- **INSTRUCTIONS TO FOLLOW**:
Begin the copy at the line containing "5、在其他手机或电脑上点击接收,输入取件码即可下载文件。" in the data below and end it at the line containing "Reacted Multimin contains", keeping each line exact and leaving out pictures.

- **Data extracted from a collection**:

#####

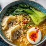 Store leftover ramen ingredients separately in airtight containers in the refrigerator for up to 2 days. To reheat, warm the broth and dumplings gently on the stove until hot, then cook fresh noodles and greens before serving. Soft-boiled eggs are best enjoyed fresh but can be kept peeled in the fridge for one day.
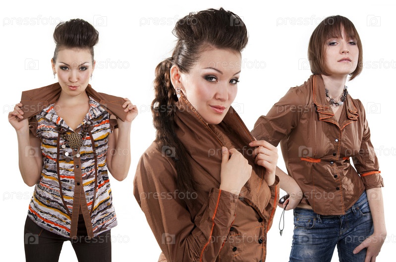 Девушки демонстрируют коллекцию одежды на белом фоне
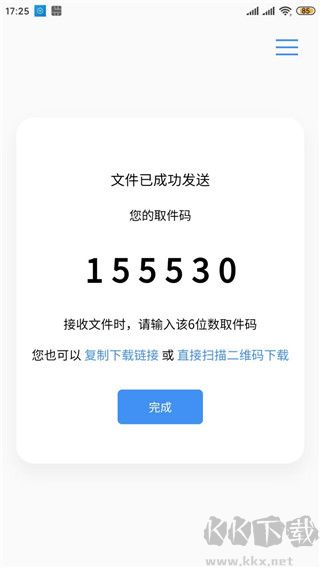 5、在其他手机或电脑上点击接收,输入取件码即可下载文件。
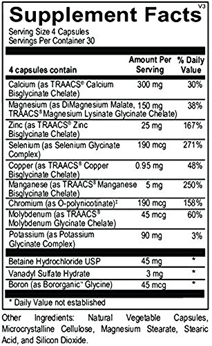 Reacted Multimin contains all the vital minerals and trace minerals in a chelated form necessary for a healthy diet.
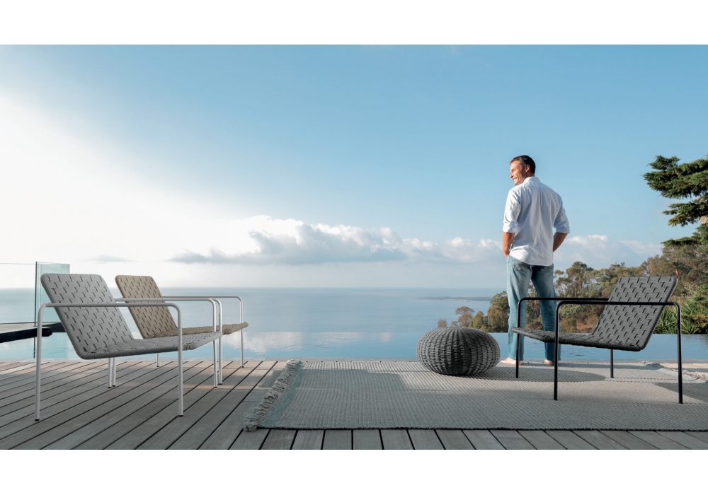 Jackie è una poltrona della collezione omonima disegnata per Talenti. Struttura in acciaio inox rivestita da corde intracciate a mano. Disponibile in quattro varianti colore: struttura bianca con schienali e seduta rivestiti in corda colore tortora (R15) o grigio chiaro (R16); struttura grafite con rivestimento in colore grigio scuro (R17)o verde militare (R18).
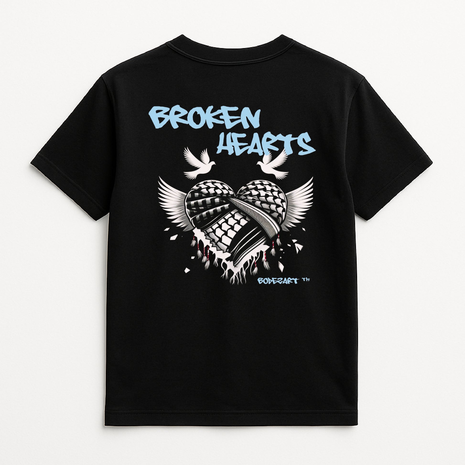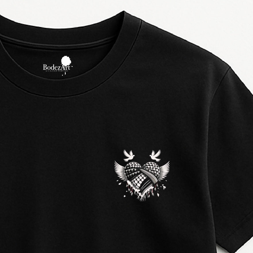 "From the fragments of broken hearts, hope rises. Honoring Palestine's unshakable courage and love."
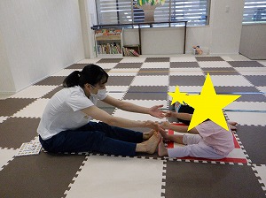 自分の足先を触ります。
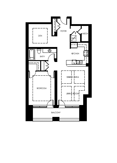 The Haycroft is a One Bedroom plus Den design positioned at the center of the building, with its balcony spanning the entire width of the suite and overlooking historic King Street.
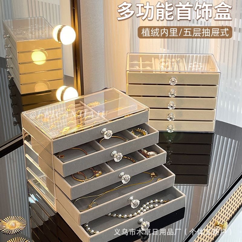 Xi high-grade velvet transparent jewelry box necklace ring earrings anti-oxidation storage box large capacity jewelry box

#####

- **ANSWER TO THIS TASK**:
 5、在其他手机或电脑上点击接收,输入取件码即可下载文件。
 Reacted Multimin contains all the vital minerals and trace minerals in a chelated form necessary for a healthy diet.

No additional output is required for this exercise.